== Exercise goal ==
Your answer must be the full listing, reproduced exactly, minus any pictures.

== Supplied information ==
------------------------------------------------
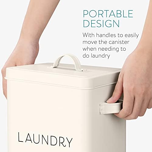 LIGHTWEIGHT: The container is made of lightweight powder coated zinc and iron, for a metal tin that’s both sturdy and easy to move around. Handles on the side help to carry the box to your washing machine.
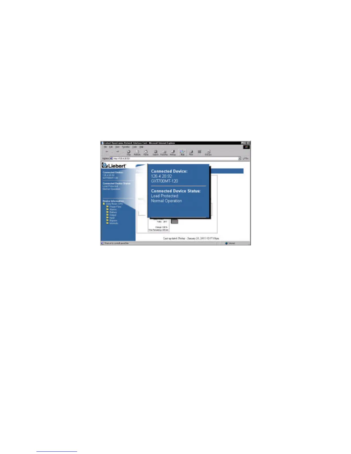 The IP address of the card and the Liebert UPS model type is presented
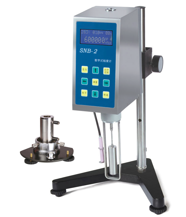 The LCD screen of the SNB-2 digital display rotary viscometer can display viscosity, shear rate, shear stress, rotational speed, temperature, percentmeter torque, rotor number and the maximum viscosity value that can be measured at the current speed of the selected rotor. It is a digital rotary viscometer with a range of 12~6,000,000 mPa · seconds.
------------------------------------------------
== Solution to the exercise ==
 LIGHTWEIGHT: The container is made of lightweight powder coated zinc and iron, for a metal tin that’s both sturdy and easy to move around. Handles on the side help to carry the box to your washing machine.
 The IP address of the card and the Liebert UPS model type is presented
 The LCD screen of the SNB-2 digital display rotary viscometer can display viscosity, shear rate, shear stress, rotational speed, temperature, percentmeter torque, rotor number and the maximum viscosity value that can be measured at the current speed of the selected rotor. It is a digital rotary viscometer with a range of 12~6,000,000 mPa · seconds.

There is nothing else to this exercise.